▸ REQUIRED ACTION: With pictures left out, write out exactly every line from the start of the data through the one that contains "2、报名地点:威信县妇幼保健院人事科(7楼办公室)".

▸ MATERIAL PROVIDED:
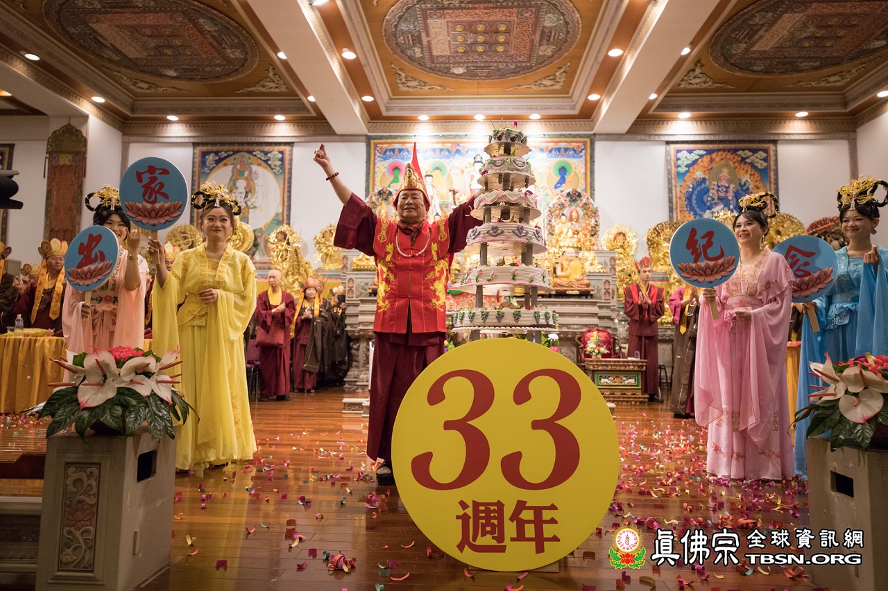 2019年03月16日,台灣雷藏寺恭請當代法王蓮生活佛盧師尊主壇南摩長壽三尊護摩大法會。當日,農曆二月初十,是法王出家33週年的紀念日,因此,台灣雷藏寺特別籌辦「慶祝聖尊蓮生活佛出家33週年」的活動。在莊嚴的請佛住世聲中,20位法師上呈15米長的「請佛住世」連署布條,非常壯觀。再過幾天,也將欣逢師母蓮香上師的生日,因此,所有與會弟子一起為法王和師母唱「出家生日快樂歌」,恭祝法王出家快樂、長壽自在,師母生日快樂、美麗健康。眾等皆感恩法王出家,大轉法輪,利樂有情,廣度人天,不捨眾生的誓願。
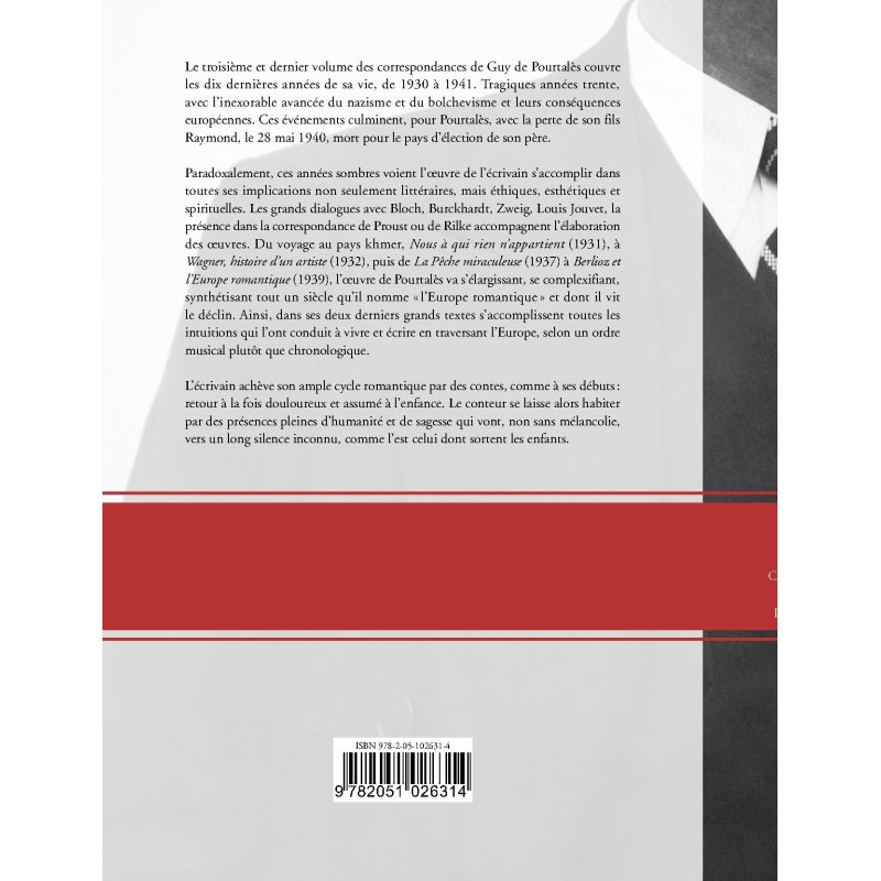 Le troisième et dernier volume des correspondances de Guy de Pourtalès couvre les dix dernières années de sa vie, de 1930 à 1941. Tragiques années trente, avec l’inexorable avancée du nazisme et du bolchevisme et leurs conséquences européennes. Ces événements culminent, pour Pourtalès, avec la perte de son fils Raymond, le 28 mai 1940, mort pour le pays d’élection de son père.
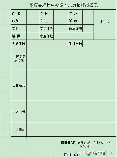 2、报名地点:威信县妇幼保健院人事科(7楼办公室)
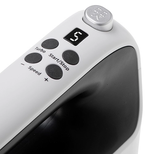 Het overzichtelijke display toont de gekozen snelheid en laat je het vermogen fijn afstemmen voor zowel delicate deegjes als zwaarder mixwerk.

▸ WRITTEN RESPONSE:
 2019年03月16日,台灣雷藏寺恭請當代法王蓮生活佛盧師尊主壇南摩長壽三尊護摩大法會。當日,農曆二月初十,是法王出家33週年的紀念日,因此,台灣雷藏寺特別籌辦「慶祝聖尊蓮生活佛出家33週年」的活動。在莊嚴的請佛住世聲中,20位法師上呈15米長的「請佛住世」連署布條,非常壯觀。再過幾天,也將欣逢師母蓮香上師的生日,因此,所有與會弟子一起為法王和師母唱「出家生日快樂歌」,恭祝法王出家快樂、長壽自在,師母生日快樂、美麗健康。眾等皆感恩法王出家,大轉法輪,利樂有情,廣度人天,不捨眾生的誓願。
 Le troisième et dernier volume des correspondances de Guy de Pourtalès couvre les dix dernières années de sa vie, de 1930 à 1941. Tragiques années trente, avec l’inexorable avancée du nazisme et du bolchevisme et leurs conséquences européennes. Ces événements culminent, pour Pourtalès, avec la perte de son fils Raymond, le 28 mai 1940, mort pour le pays d’élection de son père.
 2、报名地点:威信县妇幼保健院人事科(7楼办公室)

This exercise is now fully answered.